For those left out of “success” as it has previously been defined, other ways of asserting one’s self worth are being sought. The “lost generation” has been blasted with fantasies of achievement and wealth but the reality is that a child from a modest background is less likely than ever to break the cycle of generational under-achievement.
As they find the traditional routes advocated to achieve that success closed to them, young people become deeply sceptical about society’s claims and more susceptible to a counter-narrative.
"The reality about the guerrilla group that arrogates the term “Islamic State” is, if you take away the word “Islamic”, what you have are young, disillusioned Europeans entranced by the concept of an idealised state, a utopia to rival the hollow claims of a system that has failed them."
This isn’t to say Western or European cultures have nothing positive to offer.

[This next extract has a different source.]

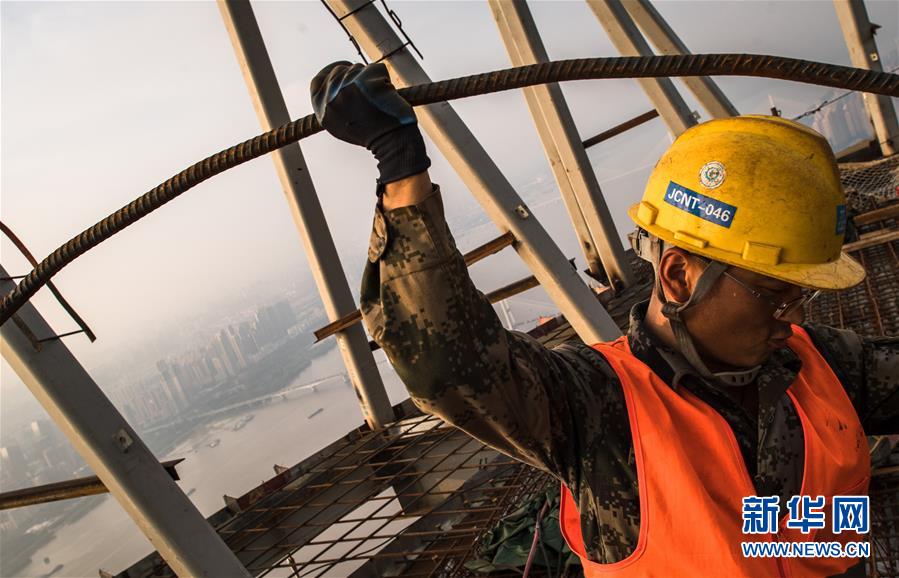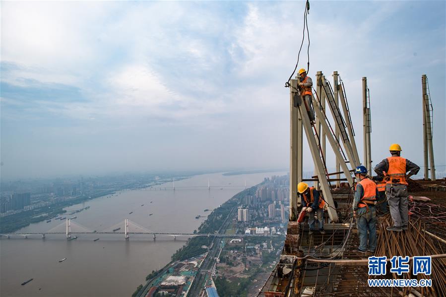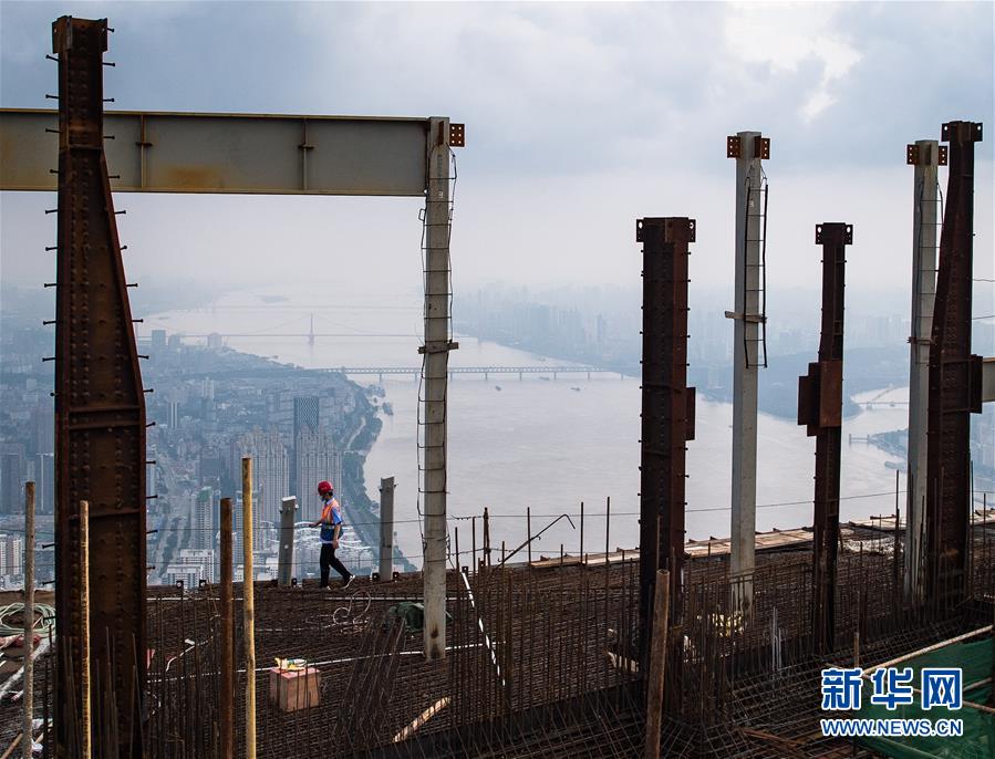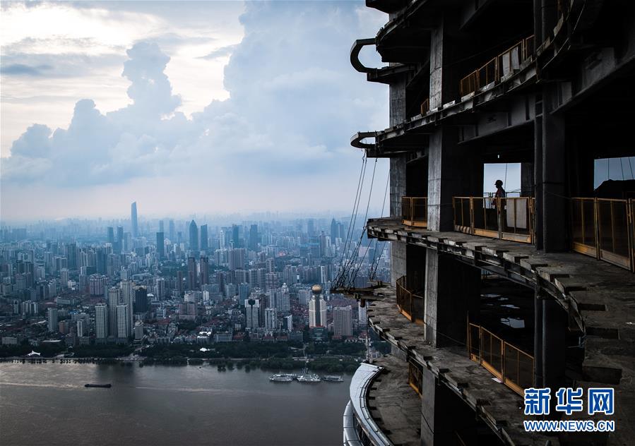 8月11日,工人在武漢綠地中心項目建設現(xiàn)場近500米的高空施工。新華社記者肖藝九攝
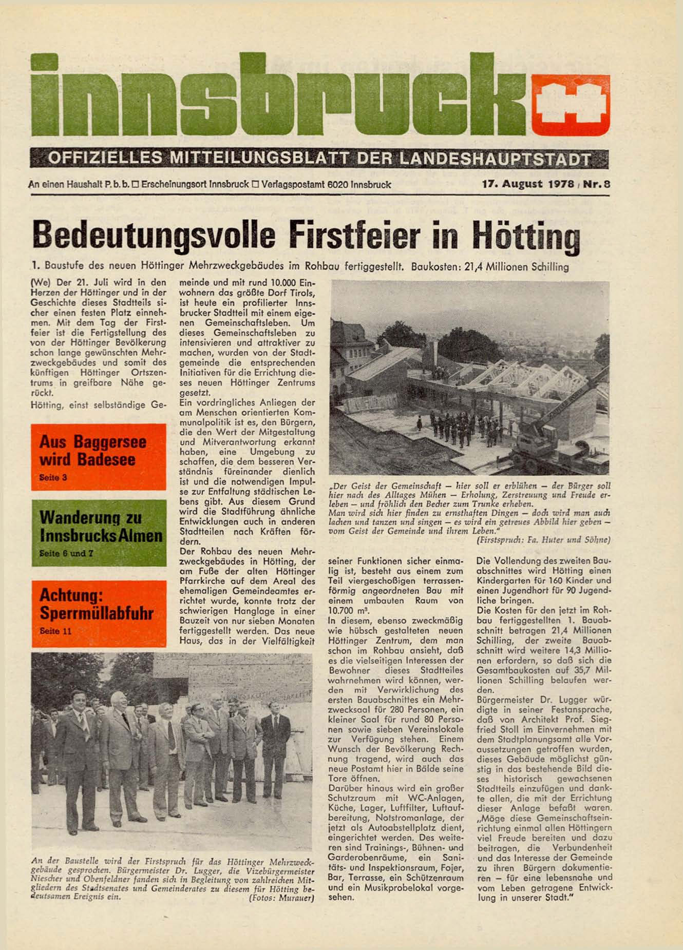 1. Baustufe des neuen Höttinger Mehrzweckgebäudes im Rohbau fertiggestellt. Baukosten: 21,4 Millionen Schilling

On the contrary, the fact that so many young fighters seem disillusioned with their foray into jihadism suggests they are beginning to recognise that for all the loss of democratic principles, for all the attempts to curtail civil liberties and erode basic freedoms, there is still much at good at home. But we mustn’t persist in the folly of assuming the appeal of anti-Western “jihad” has no connection to our current state of affairs.
In his book “Did Somebody Say Totalitarianism”, the Slovenian philosopher Slavoj Zizek argues that the liberal-democratic consensus of the modern age acts as a form of totalitarianism, impeding the imagination of alternative ways of being and doing.
For many young people who may have good reason to feel disillusioned with the current state of affairs, the oppressive mantra that liberal democracy somehow represents “the end of history” - something even Francis Fukuyama, author of the book of that title, has mitigated - engenders of a sense of a helplessness and apathy.
If this is as good as it gets, and we are not permitted to think beyond, then why bother? Or, as some clearly conclude, perhaps the system itself is the problem.